Оркестр и люди на сцене настойчиво нагнетали страсти, подводя к очевидной развязке — и вот она грянула; зал разразился аплодисментами, и в ложе опоздавших он увидел Диану Вильерс, которая аплодировала вежливо, но без особого воодушевления, глядя не на сцену, где с деланными улыбками кланялись актёры, а на кого-то в глубине ложи позади себя. Поворот её головы он узнал бы в любой толпе; её поднятые вверх руки в длинных белых перчатках равномерно хлопали, пока она говорила сквозь общий гам — но вместо слов говорили движения головы и выражение её лица.
Подле неё сидела ещё одна женщина — леди Джерси, решил он — а позади четверо мужчин. Каннинг; два офицера в алом с золотом; гражданский с румяными щеками, ганноверским устричным взглядом и лентой ордена Подвязки через грудь — кто-то из королевской родни. К нему она и обращалась: он выглядел глупым и непонимающим, но польщённым и даже как будто оживлённым.
Стивен смотрел без каких-то особенных чувств, но предельно внимательно. Он отметил, как подпрыгнуло его сердце в первый момент и как сбилось дыхание, но также отметил, что на его способности к наблюдению это никак не отразилось. На самом деле он с самого начала должен был догадаться о её появлении: запах её духов проник в его сознание ещё до того, как упал занавес; его размышления об арфах уже были связаны с ней.

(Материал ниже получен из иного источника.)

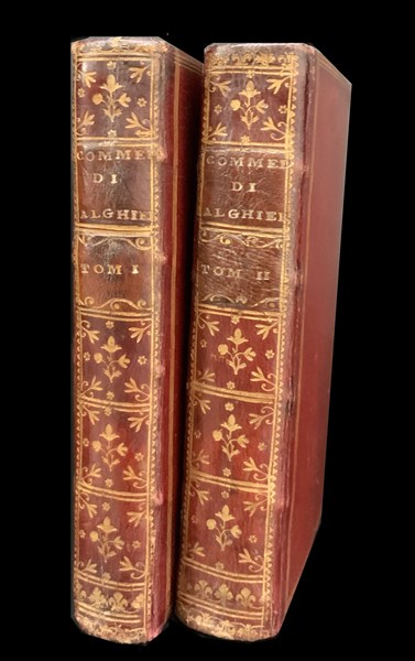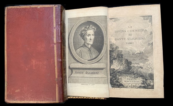DANTE ALIGHIERI. La Divina Commedia. Parigi: 1768. 12mo, 2 voll (di 3). ritratto di Dante in antiporta al primo volume e tavola incisa al secondo volume. Bella legatura in marocchino rosso con titoli e decori in oro al dorso. Non collazionato e difetti da esaminare. [2]

Аплодисменты стихли, но Диана не опустила руки; подавшись вперёд, он вгляделся ещё пристальней. Она жестикулировала правой рукой, разговаривая с сидящим позади мужчиной, и Стивен мог поклясться, что она делает это с нарочитой грацией. Дверь в глубине их ложи отворилась. Появилась ещё одна широкая голубая лента, и женщины встали и сделали книксен. Вошедший, мужчина высокого роста, остался стоять, и Стивен не видел его лица, зато мог видеть подтверждение перемены: все её движения, начиная от посадки головы до изящных взмахов страусового веера неуловимо изменились. Поклоны, снова приседания, смех; дверь закрылась, группа сидящих вернулась в прежний порядок, а фигура возникла в другой ложе. Стивен даже не взглянул на него, ему было всё равно, будь то хоть сам Князь Тьмы — он полностью сосредоточил своё внимание на Диане, чтобы удостовериться в том, в чём уже был уверен. Да, всё указывало на это, но он продолжал сыпать себе соль на рану — и осознанием, и созерцанием. Она выставлялась напоказ. Чистота дикой грации пропала; и мысль, что с этой минуты и впредь он должен отождествлять её с вульгарностью была настолько болезненна, что на какое-то время он утратил способность ясно мыслить. Вряд ли это было очевидно для кого-нибудь, кто знал её хуже, или кто не так высоко ценил эту чистоту; и никоим образом это не умаляло восхищения со стороны мужчин, входивших в её круг или круг её компаньонов, поскольку все её движения и жесты делались с большим врождённым искусством; но женщина в ложе не была той, на которую он хоть когда-нибудь обратил бы малейшее внимание.